No final de "Traffic" você diz: "Aqueles de nós que trabalham com mídia, política e tecnologia estão muito preocupados agora em descobrir como manter unidas essas instituições falidas ou construir novas que sejam resistentes às forças que ajudamos a desencadear". Imagino que você tivesse o site Semafor em mente quando escreveu esta conclusão. De que forma o seu novo empreendimento pode ajudar?
Não quero exagerar o poder da mídia. Jornalistas costumam achar que toda matéria é sobre a mídia, e obviamente há muito mais coisas acontecendo no mundo. Mas o site foi criado pensando muito sobre como encontrar meios de reforçar a confiança nos jornalistas. É preciso recusar a tentação de sempre se sentir tão seguro de si mesmo, conversar com pessoas que têm posições extremas e convencê-las a compartilhar o seu trabalho, e tentar ter mais humildade.

Você publicou recentemente no Semafor um estudo que mostra que não há nenhuma correlação entre a posição política de Donald Trump e quanta atenção ele recebe. O que isso significa para o jornalismo político?
Jornalistas sempre defenderam a ideia de que somos todo-poderosos e criamos Donald Trump porque escrevemos sobre ele e que, se o ignorássemos, ele teria desaparecido. Acho que, às vezes, isso leva os jornalistas a dizerem que é melhor ignorar as coisas malucas que as pessoas falam porque, se não as publicarmos, ninguém saberá sobre elas. E acho que isso pode realmente ser contraproducente.

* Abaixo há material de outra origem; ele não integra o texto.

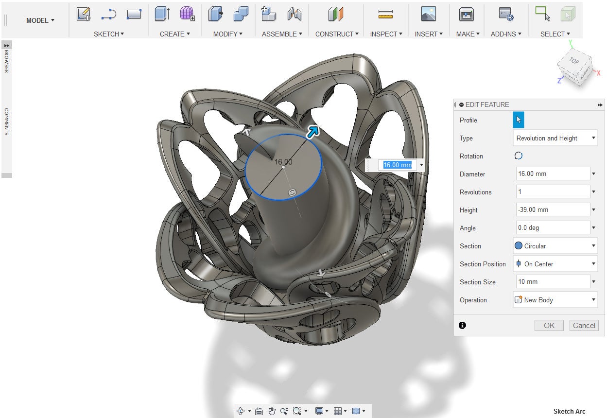 18. With the fillet tool, round the bottom edge of the cylinder. About 6.5mm should work.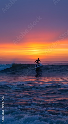 © Matthew, Naklejka premium Sunset Surfer's Silhouette AI Generated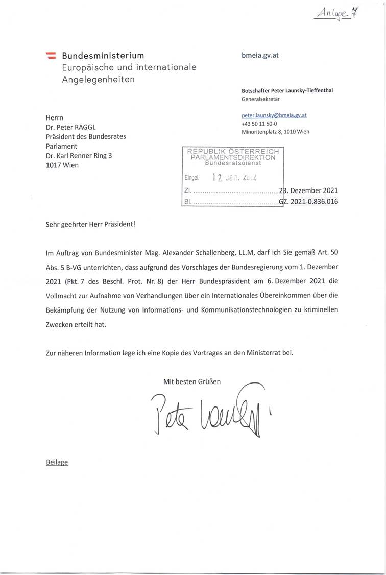 Schreiben des Generalsekretärs des Bundesministeriums für europäische und internationale Angelegenheiten gemäß Art. 50 Abs. 5 B-VG betreffend Erteilung der Vollmacht zur Aufnahme von Verhandlungen über ein Internationales Übereinkommen über die Bekämpfung der Nutzung von Informations- und Kommunikationstechnologien zu kriminellen Zwecken durch den Herrn Bundespräsidenten 74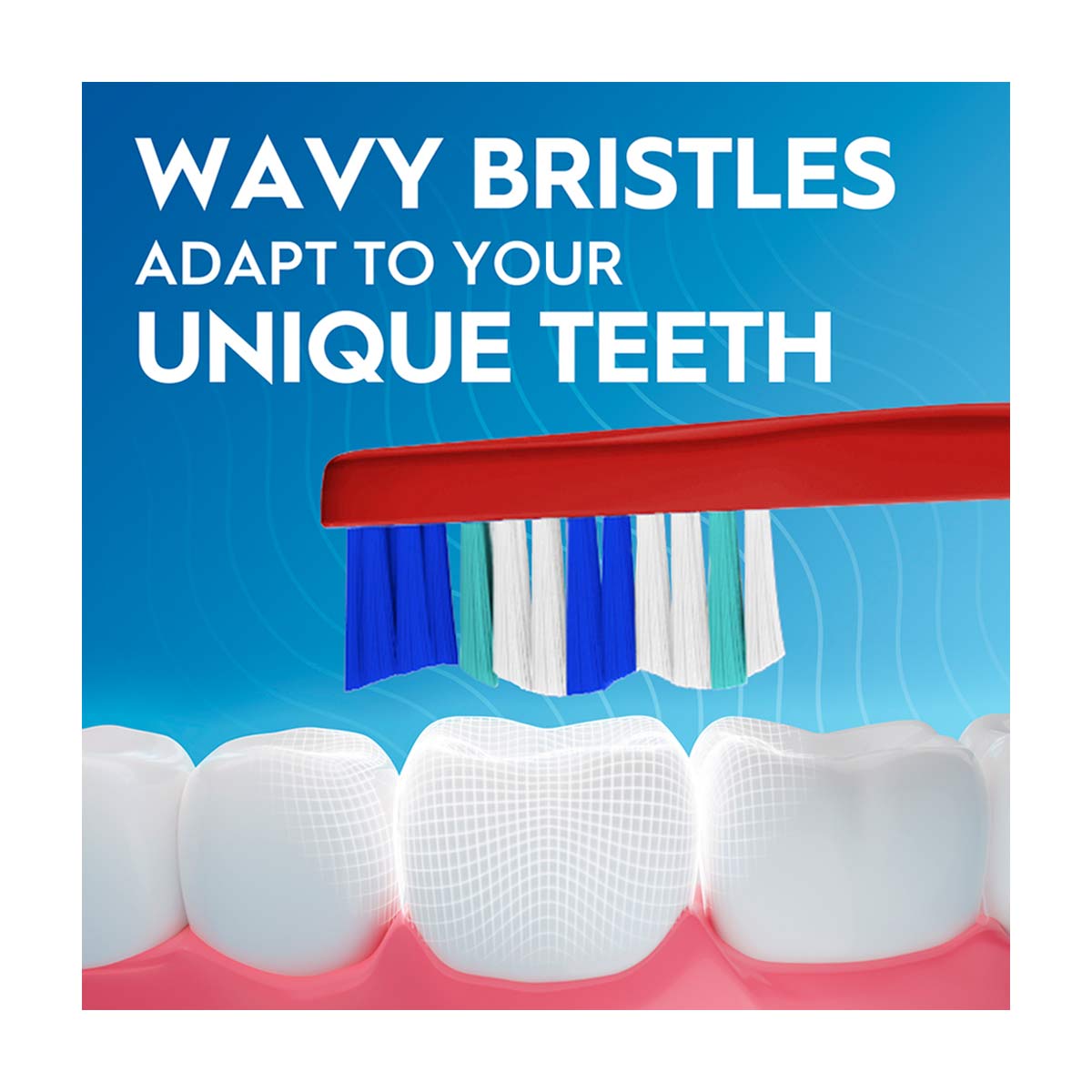 • Wavy bristles adjust to your teeth

No livro, você afirma que cada ciclo de campanha presidencial é definido por um novo meio de comunicação. Qual será o de 2024?
Semafor (risos). Na verdade, eu diria que neste ciclo o que vai definir a campanha não será um veículo, mas sim a fragmentação e esta estranha sensação de que as conversas estão acontecendo em podcasts, grupos de chats, talvez no Twitter, mas também no Reddit e em um milhão de diferentes plataformas e locais, de uma forma confusa e difícil de rastrear.

Como você vê os esforços e a pressão das grandes empresas de mídia profissional para serem pagas pelo Google e pelo Facebook?
Acho que Google e Facebook são coisas bem diferentes. Estamos vendo governos de todo o mundo protegendo suas indústrias nacionais dessas empresas de tecnologia estrangeiras, entre outras coisas, e em lugares onde há indústrias de notícias que têm poder político real, como a Austrália, onde Rupert Murdoch é uma potência. Acho que você verá o governo forçar essas empresas a pagarem alguma coisa. Acho que nos EUA, onde as empresas de tecnologia são nacionais e têm muita força, provavelmente não veremos.

Mas é basicamente uma questão política. Eu acho que o Facebook gostaria de sair do negócio de notícias. O Facebook quer mostrar, principalmente, fotos dos filhos dos seus amigos e vídeos bobos. Acho que eles gostariam de nunca ter entrado no negócio de notícias. Acho que o Google está em uma posição totalmente diferente. Eles estão fundamentalmente no negócio de notícias e não conseguem sair dele. É uma grande ameaça ao modelo de negócios do Google, em particular, a noção de que eles terão que pagar por conteúdo. E é por isso eles estão lutando tanto contra isso.

Ao relembrar o sucesso da estratégia do New York Times para se tornar uma empresa de mídia digital mais ampla, você cita Peter Drucker, que diz que "a cultura organizacional come a estratégia no café da manhã". Você acha que é um caso único ou pode ser imitável?
Por um lado, é uma estratégia muito boa e que pode ser reproduzida. Penso que os desafios são que também existe uma tendência nestes grandes mercados digitais de haver apenas um vencedor. Costumava haver um jornal regional em todas as cidades. Agora, quanto melhor fica o New York Times, maior ele fica. Como em outros mercados digitais, em que uma empresa domina totalmente, acho que isso está ocorrendo [nos EUA] no campo do noticiário de centro-esquerda. Portanto, é uma estratégia a seguir, mas é uma estratégia difícil de seguir se você estiver competindo com o New York Times.


raio-x | Ben Smith, 47

É ex-colunista de mídia do New York Times. Anteriormente, foi editor-chefe do BuzzFeed News. Cobriu a política americana por mais de uma década no Politico e no New York Daily News, entre outros meios de comunicação, e lançou vários blogs políticos. Em 2022, criou o Semafor em parceria com Justin B. Smith.